EXERCISE
Each line from the one containing "シルエットはスリムなサイズ感" through the end of the entries below should be transcribed exactly, and no other line.

○ ○ ○ ○

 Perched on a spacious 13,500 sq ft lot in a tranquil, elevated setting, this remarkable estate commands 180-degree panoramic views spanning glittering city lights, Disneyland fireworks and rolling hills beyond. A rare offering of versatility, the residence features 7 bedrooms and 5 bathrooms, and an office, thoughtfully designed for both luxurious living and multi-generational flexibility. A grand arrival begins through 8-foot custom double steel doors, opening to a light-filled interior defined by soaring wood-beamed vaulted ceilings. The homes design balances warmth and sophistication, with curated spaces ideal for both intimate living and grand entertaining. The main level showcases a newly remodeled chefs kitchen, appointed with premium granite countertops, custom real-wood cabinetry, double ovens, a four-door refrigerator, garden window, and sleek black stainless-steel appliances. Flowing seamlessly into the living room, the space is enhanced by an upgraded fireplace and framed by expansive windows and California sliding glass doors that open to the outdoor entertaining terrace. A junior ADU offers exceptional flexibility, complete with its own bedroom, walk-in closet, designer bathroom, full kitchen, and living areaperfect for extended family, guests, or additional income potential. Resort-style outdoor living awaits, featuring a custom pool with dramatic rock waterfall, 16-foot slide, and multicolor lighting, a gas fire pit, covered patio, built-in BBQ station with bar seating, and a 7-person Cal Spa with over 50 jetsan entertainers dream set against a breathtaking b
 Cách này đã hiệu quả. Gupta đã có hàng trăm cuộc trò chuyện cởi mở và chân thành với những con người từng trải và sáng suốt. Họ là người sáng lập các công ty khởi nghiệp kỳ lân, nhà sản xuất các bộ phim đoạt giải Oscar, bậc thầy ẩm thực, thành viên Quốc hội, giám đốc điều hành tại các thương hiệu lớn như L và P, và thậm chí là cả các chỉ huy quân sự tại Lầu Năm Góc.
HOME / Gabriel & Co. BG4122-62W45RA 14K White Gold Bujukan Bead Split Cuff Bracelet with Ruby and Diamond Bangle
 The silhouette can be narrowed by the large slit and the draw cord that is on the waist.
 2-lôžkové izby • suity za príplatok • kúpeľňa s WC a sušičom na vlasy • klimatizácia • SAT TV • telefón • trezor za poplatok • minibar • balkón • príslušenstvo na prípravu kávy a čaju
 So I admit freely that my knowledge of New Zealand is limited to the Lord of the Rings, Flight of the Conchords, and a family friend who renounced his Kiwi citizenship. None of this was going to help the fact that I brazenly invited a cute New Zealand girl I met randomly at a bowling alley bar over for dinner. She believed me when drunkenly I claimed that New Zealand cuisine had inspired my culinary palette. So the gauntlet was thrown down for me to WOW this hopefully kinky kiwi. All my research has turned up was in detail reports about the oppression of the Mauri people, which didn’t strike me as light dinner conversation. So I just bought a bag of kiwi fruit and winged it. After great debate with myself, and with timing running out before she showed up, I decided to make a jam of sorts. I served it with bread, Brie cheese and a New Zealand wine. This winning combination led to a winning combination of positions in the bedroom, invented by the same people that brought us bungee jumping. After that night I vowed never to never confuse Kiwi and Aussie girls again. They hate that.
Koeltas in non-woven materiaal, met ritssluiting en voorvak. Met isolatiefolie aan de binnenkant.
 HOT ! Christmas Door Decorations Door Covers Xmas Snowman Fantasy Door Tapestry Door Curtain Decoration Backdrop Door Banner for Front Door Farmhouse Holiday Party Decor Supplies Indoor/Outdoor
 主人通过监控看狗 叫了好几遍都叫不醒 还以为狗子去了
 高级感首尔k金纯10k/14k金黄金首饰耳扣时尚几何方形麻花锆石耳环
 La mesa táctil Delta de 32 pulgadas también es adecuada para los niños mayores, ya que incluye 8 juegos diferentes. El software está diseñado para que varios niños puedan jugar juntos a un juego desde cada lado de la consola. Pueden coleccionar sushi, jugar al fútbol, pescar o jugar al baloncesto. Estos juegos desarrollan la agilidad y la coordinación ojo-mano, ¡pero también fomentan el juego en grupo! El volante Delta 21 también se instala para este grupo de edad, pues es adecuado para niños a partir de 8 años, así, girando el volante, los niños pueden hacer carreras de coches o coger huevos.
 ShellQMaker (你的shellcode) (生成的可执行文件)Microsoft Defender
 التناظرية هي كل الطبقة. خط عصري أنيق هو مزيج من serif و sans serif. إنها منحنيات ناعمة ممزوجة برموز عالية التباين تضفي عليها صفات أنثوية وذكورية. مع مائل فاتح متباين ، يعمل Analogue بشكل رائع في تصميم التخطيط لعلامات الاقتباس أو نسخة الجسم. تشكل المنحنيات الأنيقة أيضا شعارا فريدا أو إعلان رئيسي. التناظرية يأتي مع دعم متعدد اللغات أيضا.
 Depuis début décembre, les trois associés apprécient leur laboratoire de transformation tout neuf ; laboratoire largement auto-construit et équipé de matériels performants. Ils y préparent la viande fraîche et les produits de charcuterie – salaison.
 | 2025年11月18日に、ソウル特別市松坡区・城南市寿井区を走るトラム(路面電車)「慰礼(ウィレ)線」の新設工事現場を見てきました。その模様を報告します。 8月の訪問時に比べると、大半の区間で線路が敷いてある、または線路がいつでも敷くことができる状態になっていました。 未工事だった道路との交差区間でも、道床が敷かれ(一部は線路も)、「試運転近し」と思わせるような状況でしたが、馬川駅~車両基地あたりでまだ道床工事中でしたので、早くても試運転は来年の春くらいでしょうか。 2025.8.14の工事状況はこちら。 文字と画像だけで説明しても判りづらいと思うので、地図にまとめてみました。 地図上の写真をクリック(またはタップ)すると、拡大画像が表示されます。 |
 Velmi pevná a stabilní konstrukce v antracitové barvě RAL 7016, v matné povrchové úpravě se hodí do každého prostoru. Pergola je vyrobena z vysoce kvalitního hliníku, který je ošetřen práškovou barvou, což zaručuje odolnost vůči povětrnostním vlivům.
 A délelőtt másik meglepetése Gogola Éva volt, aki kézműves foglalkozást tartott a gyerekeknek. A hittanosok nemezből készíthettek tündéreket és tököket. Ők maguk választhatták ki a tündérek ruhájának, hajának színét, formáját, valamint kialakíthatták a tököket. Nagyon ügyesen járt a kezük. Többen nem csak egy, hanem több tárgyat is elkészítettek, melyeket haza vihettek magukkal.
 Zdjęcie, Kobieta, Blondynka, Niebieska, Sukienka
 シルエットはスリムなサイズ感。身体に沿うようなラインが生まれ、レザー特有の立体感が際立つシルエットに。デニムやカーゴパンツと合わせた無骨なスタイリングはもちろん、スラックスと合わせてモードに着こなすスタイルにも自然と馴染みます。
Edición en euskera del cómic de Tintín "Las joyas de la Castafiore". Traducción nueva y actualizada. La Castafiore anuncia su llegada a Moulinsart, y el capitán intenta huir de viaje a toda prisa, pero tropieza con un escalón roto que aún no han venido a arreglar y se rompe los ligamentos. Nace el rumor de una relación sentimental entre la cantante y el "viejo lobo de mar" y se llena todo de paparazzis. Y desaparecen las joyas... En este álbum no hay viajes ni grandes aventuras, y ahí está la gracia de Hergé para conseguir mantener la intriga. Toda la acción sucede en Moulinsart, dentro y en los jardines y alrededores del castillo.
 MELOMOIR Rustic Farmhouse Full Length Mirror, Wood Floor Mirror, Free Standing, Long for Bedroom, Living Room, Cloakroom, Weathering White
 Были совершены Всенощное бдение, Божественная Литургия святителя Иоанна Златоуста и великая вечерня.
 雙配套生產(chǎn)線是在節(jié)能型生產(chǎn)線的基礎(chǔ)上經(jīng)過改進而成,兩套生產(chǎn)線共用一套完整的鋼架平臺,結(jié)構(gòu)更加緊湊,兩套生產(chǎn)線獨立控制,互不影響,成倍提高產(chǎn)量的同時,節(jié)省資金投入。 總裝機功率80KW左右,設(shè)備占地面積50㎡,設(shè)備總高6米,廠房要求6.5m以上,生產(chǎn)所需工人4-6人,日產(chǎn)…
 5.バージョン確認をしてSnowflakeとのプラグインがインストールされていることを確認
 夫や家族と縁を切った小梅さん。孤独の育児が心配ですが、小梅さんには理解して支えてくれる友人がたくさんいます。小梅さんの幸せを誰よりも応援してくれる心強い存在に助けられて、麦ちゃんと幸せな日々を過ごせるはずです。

○ ○ ○ ○

YOUR RESPONSE
 シルエットはスリムなサイズ感。身体に沿うようなラインが生まれ、レザー特有の立体感が際立つシルエットに。デニムやカーゴパンツと合わせた無骨なスタイリングはもちろん、スラックスと合わせてモードに着こなすスタイルにも自然と馴染みます。
Edición en euskera del cómic de Tintín "Las joyas de la Castafiore". Traducción nueva y actualizada. La Castafiore anuncia su llegada a Moulinsart, y el capitán intenta huir de viaje a toda prisa, pero tropieza con un escalón roto que aún no han venido a arreglar y se rompe los ligamentos. Nace el rumor de una relación sentimental entre la cantante y el "viejo lobo de mar" y se llena todo de paparazzis. Y desaparecen las joyas... En este álbum no hay viajes ni grandes aventuras, y ahí está la gracia de Hergé para conseguir mantener la intriga. Toda la acción sucede en Moulinsart, dentro y en los jardines y alrededores del castillo.
 MELOMOIR Rustic Farmhouse Full Length Mirror, Wood Floor Mirror, Free Standing, Long for Bedroom, Living Room, Cloakroom, Weathering White
 Были совершены Всенощное бдение, Божественная Литургия святителя Иоанна Златоуста и великая вечерня.
 雙配套生產(chǎn)線是在節(jié)能型生產(chǎn)線的基礎(chǔ)上經(jīng)過改進而成,兩套生產(chǎn)線共用一套完整的鋼架平臺,結(jié)構(gòu)更加緊湊,兩套生產(chǎn)線獨立控制,互不影響,成倍提高產(chǎn)量的同時,節(jié)省資金投入。 總裝機功率80KW左右,設(shè)備占地面積50㎡,設(shè)備總高6米,廠房要求6.5m以上,生產(chǎn)所需工人4-6人,日產(chǎn)…
 5.バージョン確認をしてSnowflakeとのプラグインがインストールされていることを確認
 夫や家族と縁を切った小梅さん。孤独の育児が心配ですが、小梅さんには理解して支えてくれる友人がたくさんいます。小梅さんの幸せを誰よりも応援してくれる心強い存在に助けられて、麦ちゃんと幸せな日々を過ごせるはずです。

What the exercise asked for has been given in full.